◆ **PROBLEM TO SOLVE**: Of the entries below, return exactly those lines that fall between the one containing "Dieses Zeichen des" and the one containing "ex) 외부 클래스에", the two end lines included.

◆ **GIVEN INFORMATION**:
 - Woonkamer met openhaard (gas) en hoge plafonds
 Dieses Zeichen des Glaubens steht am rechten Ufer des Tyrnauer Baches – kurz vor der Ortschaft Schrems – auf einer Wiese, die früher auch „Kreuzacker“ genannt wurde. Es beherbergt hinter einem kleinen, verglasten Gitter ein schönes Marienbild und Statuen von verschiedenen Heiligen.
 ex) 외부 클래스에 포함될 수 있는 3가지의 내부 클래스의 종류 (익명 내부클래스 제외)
--
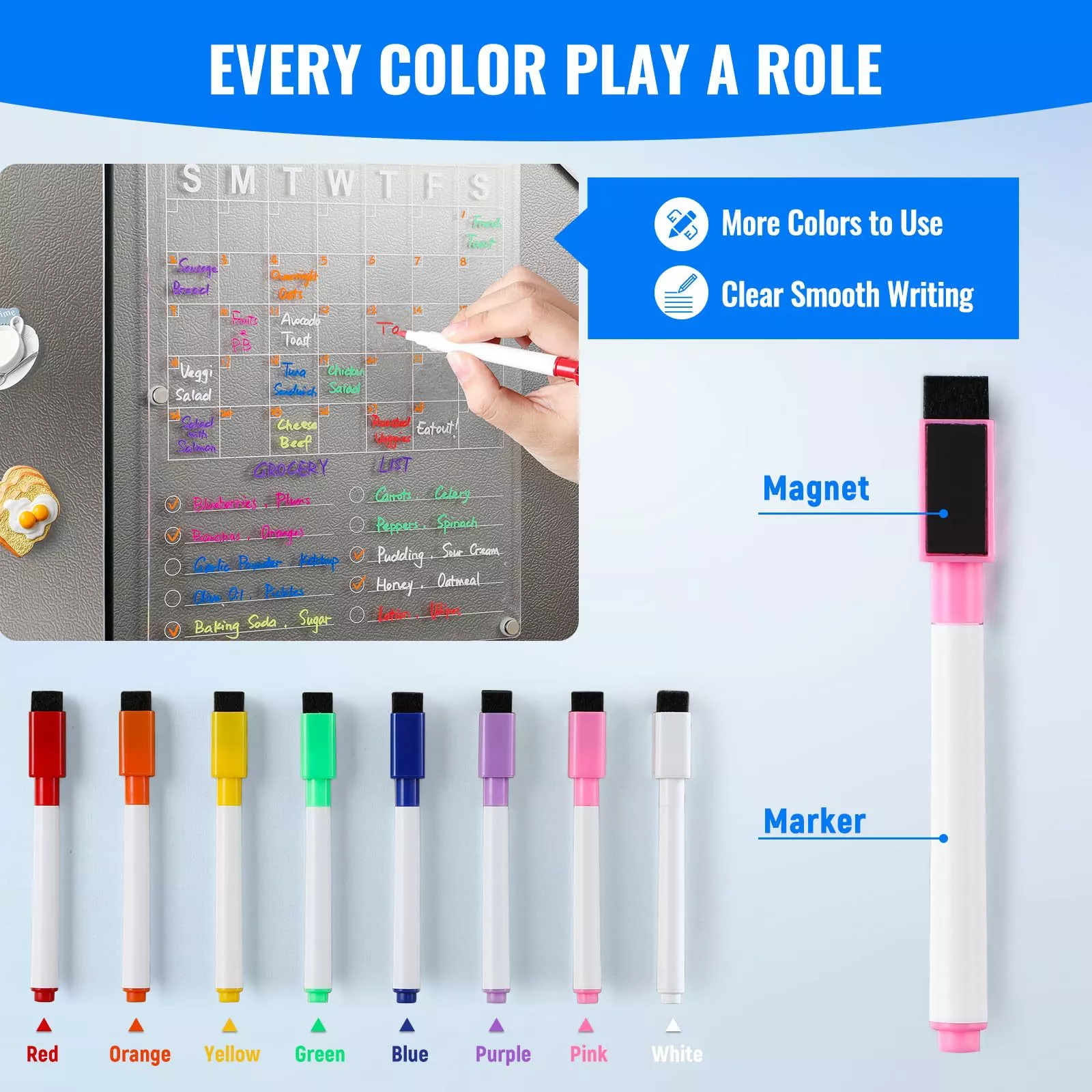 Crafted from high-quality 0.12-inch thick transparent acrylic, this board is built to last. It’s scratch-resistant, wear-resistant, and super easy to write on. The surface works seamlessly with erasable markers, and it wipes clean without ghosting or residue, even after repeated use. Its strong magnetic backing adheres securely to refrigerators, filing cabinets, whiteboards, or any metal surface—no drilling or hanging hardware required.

◆ **WRITTEN ANSWER**:
 Dieses Zeichen des Glaubens steht am rechten Ufer des Tyrnauer Baches – kurz vor der Ortschaft Schrems – auf einer Wiese, die früher auch „Kreuzacker“ genannt wurde. Es beherbergt hinter einem kleinen, verglasten Gitter ein schönes Marienbild und Statuen von verschiedenen Heiligen.
 ex) 외부 클래스에 포함될 수 있는 3가지의 내부 클래스의 종류 (익명 내부클래스 제외)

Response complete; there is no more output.